Em certo momento, os sempre bem nascidos - outro coletivo, pequeno mas que tem o capital como alimento, o que os transforma em gigantes - intoxicaram as outras duas classes, que, provocadas, fizeram escolhas e elas, mais adiante, mostraram-se equivocadas e mortais. Teimosia não é virtude, nem em contos, nem com as contas.
Quando as três representações resolveram protestar conjuntamente, usaram seus potentes veículos para fazer muito ruído. Exigiram, cobraram e gritaram bem alto que "era hora de dar um basta e acabar com essa zona chamada inclusão". A razão foi torturada e não sabemos a que horas ela volta.

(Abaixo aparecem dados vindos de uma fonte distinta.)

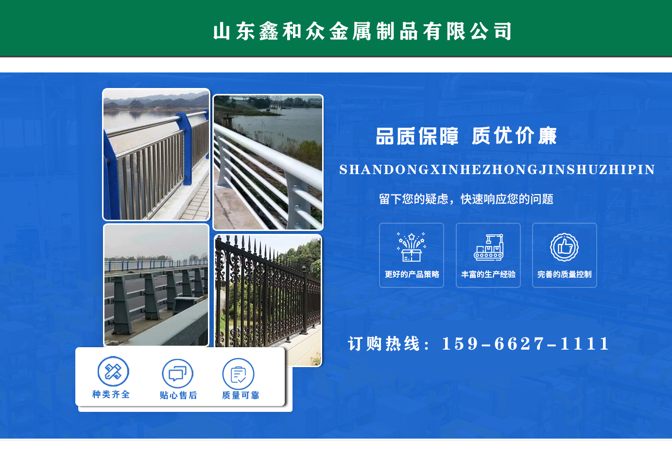 山東鑫和眾金屬制品有限公司主要產(chǎn)品有防撞護欄,橋梁護欄,道路護欄,河道護欄,不銹鋼護欄等護欄。提供設(shè)計方案,一站式定制,包您滿意價格優(yōu)惠,歡迎來電咨詢!    公司常年從事銷售護欄防撞護欄,橋梁護欄,道路護欄,河道護欄,不銹鋼護欄,橋梁鋼護欄,河道燈光護欄等。產(chǎn)品廣泛應(yīng)用于橋梁、河道、旅游景區(qū)、道路、公路、公園、小區(qū)、景觀、道路防撞等領(lǐng)域。    公司產(chǎn)品均采用優(yōu)質(zhì)不銹鋼材料,符合相關(guān)標準。各種型號不銹鋼復(fù)合管及護欄,質(zhì)量嚴格把控。產(chǎn)品強度高、耐腐蝕、焊接牢固、抗沖擊、性能好,防撞護欄結(jié)構(gòu)簡單、美觀實用大方。     歡迎前來訂購!...

A indignação seletiva pavimentou o caminho para a chegada de homens maus, muitos monstros e com eles o retorno do medo. Os mais assustados voltaram a olhar debaixo de suas camas. Os fantasmas agora estão bem vivos, possuem nomes e números, aparecem nos 3 turnos do dia e não arrastavam mais correntes para melindrar ou chamar a atenção.
Antes excessivamente barulhento, agora há intervalos de silêncio envergonhado gerando passividade, misturado com o choro da perda. Faltam abraços e braços para confortar os que ficam. Mesmo assim, os erros não foram capazes de despertar e o amanhã para milhares é bem mais do que uma dádiva. Divino, apenas a oportunidade de continuar ou (re)começar.
Naquele lugar nem tão distante os homens cruéis venceram. Conseguiram sem muito esforço o aumento quilométrico da distância entre os extremos, as escadas foram tombadas e as tristes paisagens voltaram a fazer parte da vida de todos que optaram por normalizar o extermínio do outro.
... Era uma vez.
Visceral.... excelente !
ResponderExcluirUm texto necessário né Paulo.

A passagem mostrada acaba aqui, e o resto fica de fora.